Choosing the on-device model. Compression and state classification do not require a large model. I used Gemma 2B specifically for compression and classification, while the main conversation ran on a 7B model. The 2B model had about 50ms inference latency and barely affected user experience. The pitfall I hit early was trying to make one 7B model handle everything. Compression latency exceeded 500ms, and users could clearly feel the stall.
State restoration. When the user switches away from the app and returns, the state machine must be restorable. I serialize DialogState, CoreContext, and SummaryCache into a Room database, then deserialize directly on cold start without rerunning compression.
Tradeoffs
Several decisions are worth calling out.
Compared with maximizing compression ratio, I care more about preserving the full system prompt. If one or two old turns are lost, users may not notice. If the role definition is lost, model responses immediately feel wrong. In token budget allocation, the system prompt always has the highest priority.
Should the state machine use a dedicated classifier model? I tried it, but the improvement was limited. Drift dropped from 5% to 4%, while loading another model added overhead. Rules plus keywords are good enough on Android.

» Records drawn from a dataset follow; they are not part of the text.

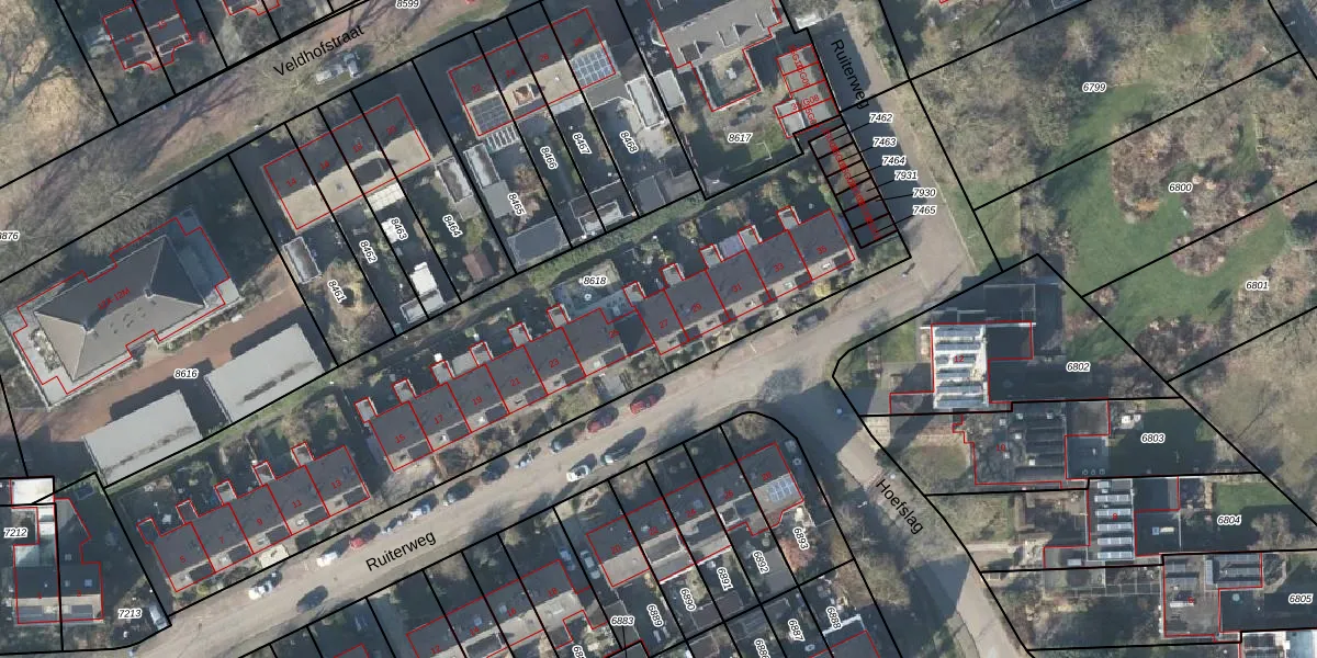 Het perceel waarop Ruiterweg 27 staat heeft een oppervlakte van 2742 m². Dit is een zeer groot perceel. De perceeloppervlakte wordt geregistreerd door het Kadaster. Gedetailleerde informatie over de maten van dit perceel kunt u vinden in het rapport Kadastrale kaart met maatvoering van Ruiterweg 27.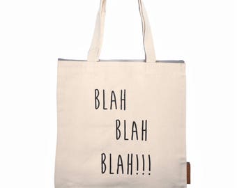 Blah blah blah 100% cotton, 12oz natural canvas tote bag. Ideal for a market bag, handbag, beach bag, shopping bag, grocery bag, library bag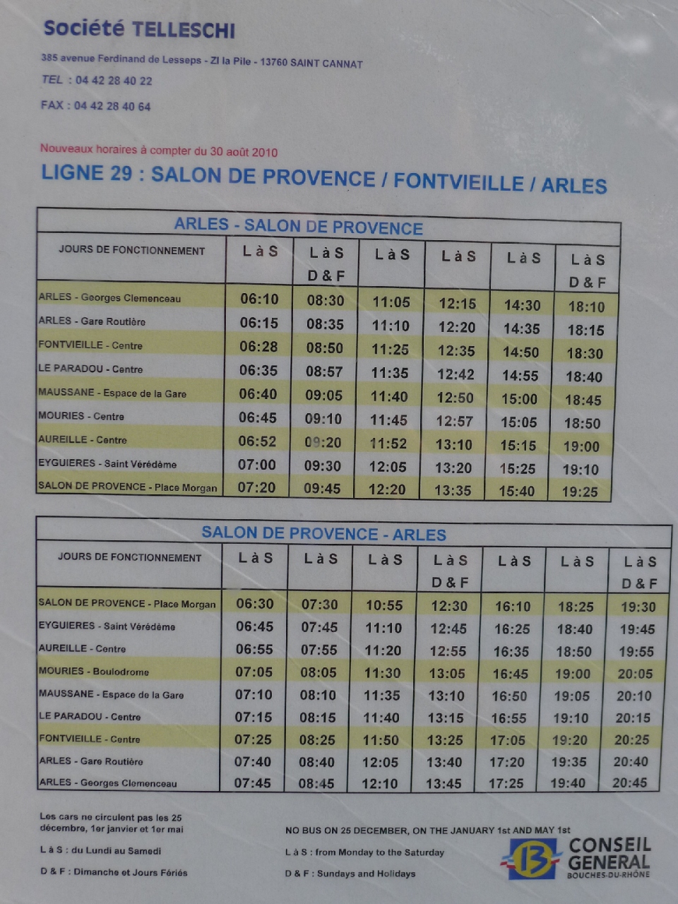 「地球の歩き方」によれば、レ・ボー・ド・プロヴァンスへのバスは、7・8月と5~9月の土日のみ運行と記載されています。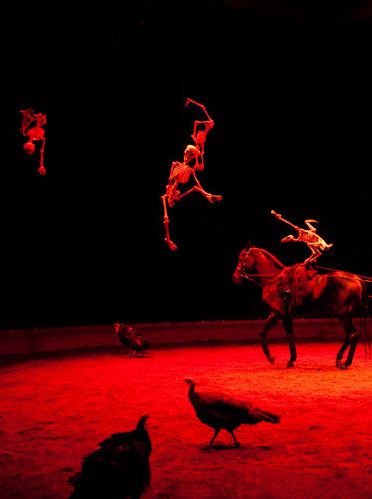 Bartabas est maintenant un habitué des Nuits de Fourvière. Il y revient cette année avec sa dernière création : Calacas ("squelettes"). Le principe de base reste le même que dans tous ses spectacles : il nous convie à un grand théâtre équestre, réunissant chevaux, écuyers, acrobates, danseurs et musiciens. Mais la thématique est toute nouvelle : c’est le folklore mexicain qui est à l’honneur, et plus précisément la fête des morts. Bartabas met en scène la joie dont font preuve les Aztèques face à la mort. Son show équestre est ainsi un étonnant mélange de macabre et de bouffonnerie. On se croirait chez Tim Burton !Les squelettes volent dans les airs, enfourchent les chevaux, rient à gorge déployée. Les musiciens interprètent des mélodies gaies et entraînantes. Les danseurs et acrobates s’en donnent à cur joie également, à l’aise sur le dos de leurs montures comme s’ils étaient sur la terre ferme. Ensemble, ils produisent un magnifique ballet multicolore. La mise en scène, très colorée donc, joue d’ailleurs beaucoup sur les changements d’ambiances : des variations de lumière accompagnent celles de la musique, de nombreux effets visuels sont créés, à commencer par la mise en place d’une sorte de pochoir géant entourant les gradins, dont les petits trous dessinent des têtes de mort ! Les personnages de carton ou de caoutchouc, squelettes pour la plupart, qui défilent sous nos yeux, sont eux-mêmes toujours mis en valeur par un éclairage particulier, passant du rouge au bleu, de la lumière éclatante à la pénombre intimiste. Chaque tableau renouvelle notre émerveillement. La scénographie est vraiment somptueuse du début à la fin.Mais elle ne se raconte pas. Il faut se rendre sous le chapiteau du parc de Parilly pour comprendre dans quelle atmosphère nous plonge ce spectacle euphorisant. Il faut s’y laisser aller, se laisser gagner par une émotion simple, laisser ses yeux s’éblouir et ne pas chercher plus loin.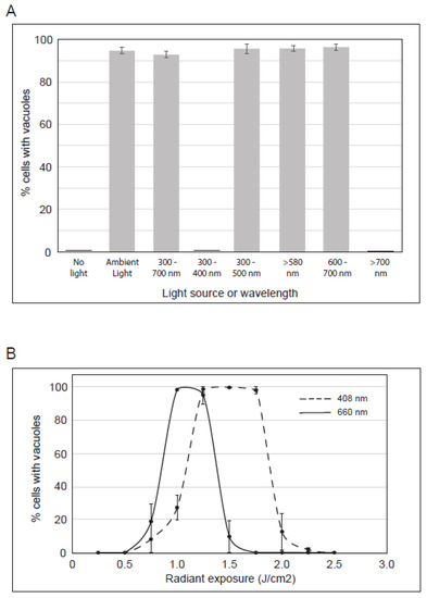 Characterization of the irradiation that induces vacuoles in cells treated with PP-630F. (A) U2OS cells were treated with PP-630F and not exposed to ambient light, exposed to ambient light, or exposed to ambient light filtered through optical glass of known transmission values. The light source and wavelengths (nm) are listed. The mean percentage of cells with vacuoles was calculated from three experiments and standard errors of the means are shown. (B) U2OS cells were treated with 25 µg/mL PP-630F and irradiated at increasing radiant exposures with LEDs at 408 nm (- - -) or 660 nm (—). The mean percentage of cells with vacuoles after each treatment was calculated at 16 h and standard errors of the means are shown.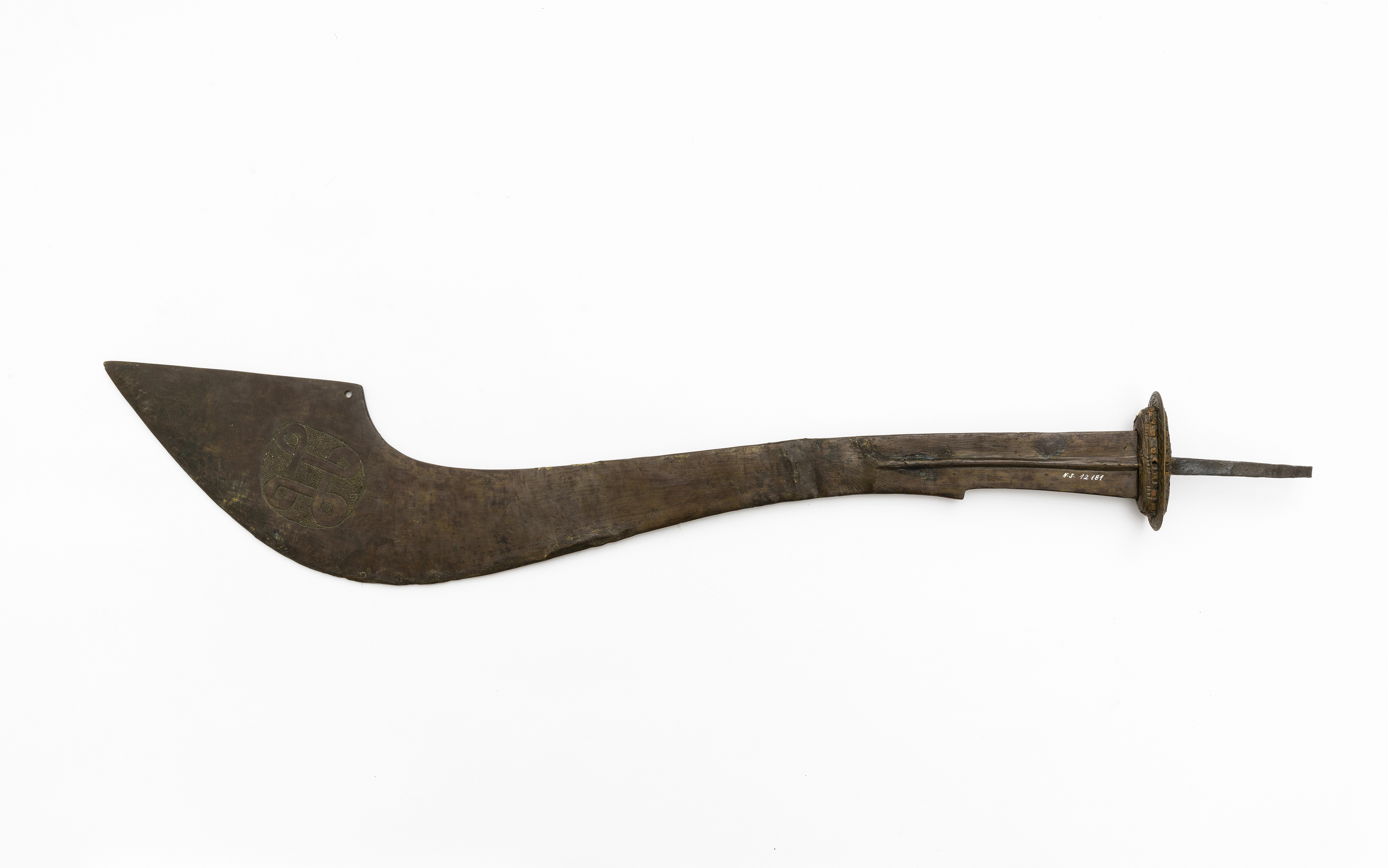 | Description | Curved blade, iron, covered with copper sheet, engraved circle with knot ornament. Same ornament on both sides. Handle incomplete, copper overlay broken. Damaged overall. Restoration: Heinrich Scheich "Art forms crucial to status differentiation and religious worship are attributed to Ogiso times, particularly ... the ceremonial sword (ada) .. (14) In Ogiso times the iron ceremonial sword called ada was part of the furnishings of the ancestral altar, where it expressed the power of the ancestors to control the course of events. The Edo believe that iron has the mystical power of ase to insure that whatever proclamations are made will come to pass. In the second dynasty the obas took to making public appearances accompanied by pages carrying the ada, thereby incorporating an ancient Edo sanction into the new royal symbolism. (15). Zu Abb. 11: The ada is carried by pages emada during the public appearances of the oba. It symbolizes his right to take human life. The oba delegates the ada to high ranking chiefs, who may have it carried alongside them in their own domains but not in the palace. 15./16.Jh. "Specific objects, such as ada were sent to vassal lords as emblems of their authority." (18) As an abstract concept Ogun represents the force inherent in metal, a mystical power with the potential to create or destroy. In this capacity, Ogun cannot be artistically represented, except indirectly through those objects in which the power of metal resides, such as ceremonial swords or proclamation staffs. (51) LIT Kat Pitt-Rivers 1976: pl. XVIII, 110 Ben Amos. 1980: The Art of Benin. London |

If I rebuilt this system, I would introduce quantitative token budget management earlier. Early tuning was mostly based on intuition. It became stable only after using a token counter to allocate budget precisely. On-device engineering is much more resource-conscious than server-side engineering. You cannot casually add Redis or switch to a machine with more GPU memory. Every MB of memory and every millisecond of latency has to be accounted for.